*** Opening Stored data ***

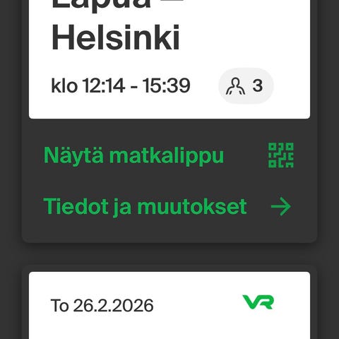 VR junalippu reitille Kemi–Helsinki. Lähtö Kemin asemalta klo 22:50 ja saapuminen Helsinkiin klo 10:34. Junana IC/YO 276, vaunu 43 alakerta, paikka 45 ikkunapaikka. Lipun matkustajatyyppi opiskelija. Lisäpalveluita ei sisälly. 29€
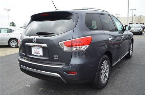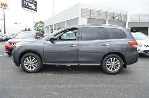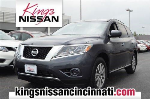 The 2014 Nissan Pathfinder is an incredible 7-passenger crossover that features a sporty look with plenty of attitude and space to go around. It has luxurious body sculpting that starts with the tapered front, with its chrome-framed grille and dramatic head lights, and then glides all the way back. It has notably large windows as well, which helps the driver with visibility. For 2014, the Pathfinder is not only available as a gasoline vehicle, but a new Hybrid as well. The gas models include the base level S trim, the SV and SL, and the top-level Platinum. They share a 3.5-liter, 24-valve, V6 engine with 260 Horsepower, which is paired with the incredible Xtronic Continuously Variable Transmission. The Hybrid model comes in three trims: SV, SL and Platinum. It has a SuperCharged 2.5-liter 4-cylinder engine and an electric motor with an Intelligent Dual Clutch System. It has a lithium-ion battery, and gets 250 Horsepower and 243 lb-ft of Torque. Plus, it features electrically driven regenerative brakes. In addition, the All-Mode 4x4-i intuitive 4WD system is an available option for gas as well as hybrid models. The Base S trim comes very generously equipped. It includes features like Power Windows, a 6-CD, Six Speaker Sound System with auxiliary input, audio controls on the steering wheel, Push Button Ignition, and Tri-Zone Temperature Control. Plus, it comes with the EZ Flex Seating System, where the 2nd row glides and tilts forward for access to the reclining 3rd row! Both 2nd and 3rd rows fold flat as well for your cargo, which allows for a maximum capacity of 79.8 cubic feet. Depending on which you select, higher level trims offer available technology options like the Rear Sonar System, RearView Monitor, and the amazing Around View Monitor. Another addition for 2014 is a Tech Package for the SL trim that bundles items such as navigation with an 8-inch touch screen, a Bose premium sound system. Drive the 2014 Nissan Pathfinder today!. ****KINGS NISSAN INTERNET SPECIAL'S**** CALL TOLL FREE 888-454-8431 TO RECEIVE ADDITIONAL SAVINGS PLUS LIFETIME FREE CAR WASHES. FOR MORE INFORMATION ON THESE SPECIALS AND MANY OTHERS CALL TODAY AND ASK FOR SALES OR EMAIL US AT internetsales@kingsnissancincinnati.com
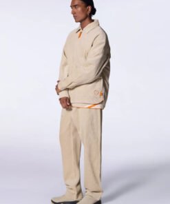 La veste ASTON unisexe est confectionnée en velours côtelé souple. Les manches, légèrement tombantes, sont resserrées au poignet. Deux larges poches cargo à rabat pressionné ornent le milieu devant. L’ouverture milieu devant se fait par un zip muni d’une tirette contrastée, assortie à une étiquette tissée insérée dans la couture côté. Un large patch en silicone ton sur ton est apposé en bas de vêtement.
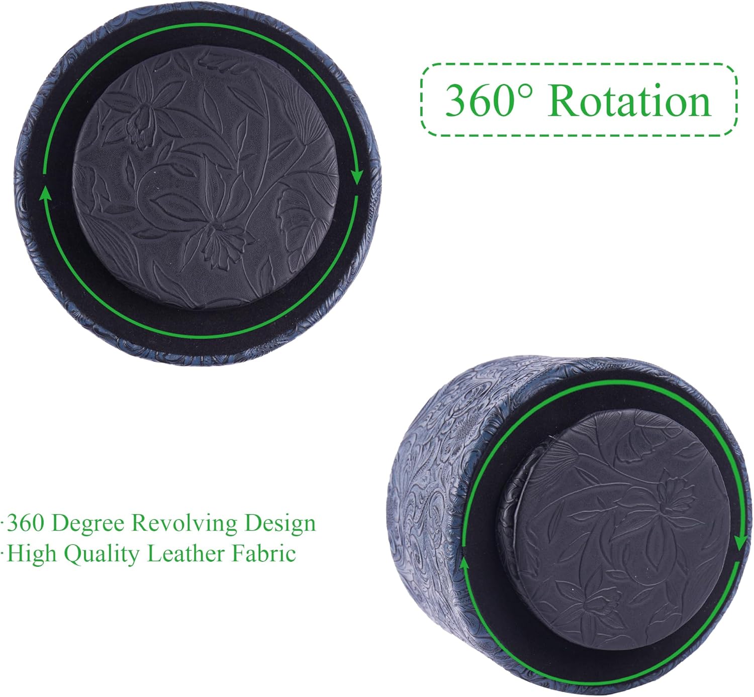 lizimandu Round Leather Art Supply Organizer,Remote Control Holder,360 Degree Spinning,Multi-Functional Pencil Holder,4 Compartments Desktop Stationary Organizer(1-Carved Dark Blue)

*** Closing Stored data ***

Your answer must be the full listing, copied exactly, with no pictures in it.

 VR junalippu reitille Kemi–Helsinki. Lähtö Kemin asemalta klo 22:50 ja saapuminen Helsinkiin klo 10:34. Junana IC/YO 276, vaunu 43 alakerta, paikka 45 ikkunapaikka. Lipun matkustajatyyppi opiskelija. Lisäpalveluita ei sisälly. 29€
 The 2014 Nissan Pathfinder is an incredible 7-passenger crossover that features a sporty look with plenty of attitude and space to go around. It has luxurious body sculpting that starts with the tapered front, with its chrome-framed grille and dramatic head lights, and then glides all the way back. It has notably large windows as well, which helps the driver with visibility. For 2014, the Pathfinder is not only available as a gasoline vehicle, but a new Hybrid as well. The gas models include the base level S trim, the SV and SL, and the top-level Platinum. They share a 3.5-liter, 24-valve, V6 engine with 260 Horsepower, which is paired with the incredible Xtronic Continuously Variable Transmission. The Hybrid model comes in three trims: SV, SL and Platinum. It has a SuperCharged 2.5-liter 4-cylinder engine and an electric motor with an Intelligent Dual Clutch System. It has a lithium-ion battery, and gets 250 Horsepower and 243 lb-ft of Torque. Plus, it features electrically driven regenerative brakes. In addition, the All-Mode 4x4-i intuitive 4WD system is an available option for gas as well as hybrid models. The Base S trim comes very generously equipped. It includes features like Power Windows, a 6-CD, Six Speaker Sound System with auxiliary input, audio controls on the steering wheel, Push Button Ignition, and Tri-Zone Temperature Control. Plus, it comes with the EZ Flex Seating System, where the 2nd row glides and tilts forward for access to the reclining 3rd row! Both 2nd and 3rd rows fold flat as well for your cargo, which allows for a maximum capacity of 79.8 cubic feet. Depending on which you select, higher level trims offer available technology options like the Rear Sonar System, RearView Monitor, and the amazing Around View Monitor. Another addition for 2014 is a Tech Package for the SL trim that bundles items such as navigation with an 8-inch touch screen, a Bose premium sound system. Drive the 2014 Nissan Pathfinder today!. ****KINGS NISSAN INTERNET SPECIAL'S**** CALL TOLL FREE 888-454-8431 TO RECEIVE ADDITIONAL SAVINGS PLUS LIFETIME FREE CAR WASHES. FOR MORE INFORMATION ON THESE SPECIALS AND MANY OTHERS CALL TODAY AND ASK FOR SALES OR EMAIL US AT internetsales@kingsnissancincinnati.com
 La veste ASTON unisexe est confectionnée en velours côtelé souple. Les manches, légèrement tombantes, sont resserrées au poignet. Deux larges poches cargo à rabat pressionné ornent le milieu devant. L’ouverture milieu devant se fait par un zip muni d’une tirette contrastée, assortie à une étiquette tissée insérée dans la couture côté. Un large patch en silicone ton sur ton est apposé en bas de vêtement.
 lizimandu Round Leather Art Supply Organizer,Remote Control Holder,360 Degree Spinning,Multi-Functional Pencil Holder,4 Compartments Desktop Stationary Organizer(1-Carved Dark Blue)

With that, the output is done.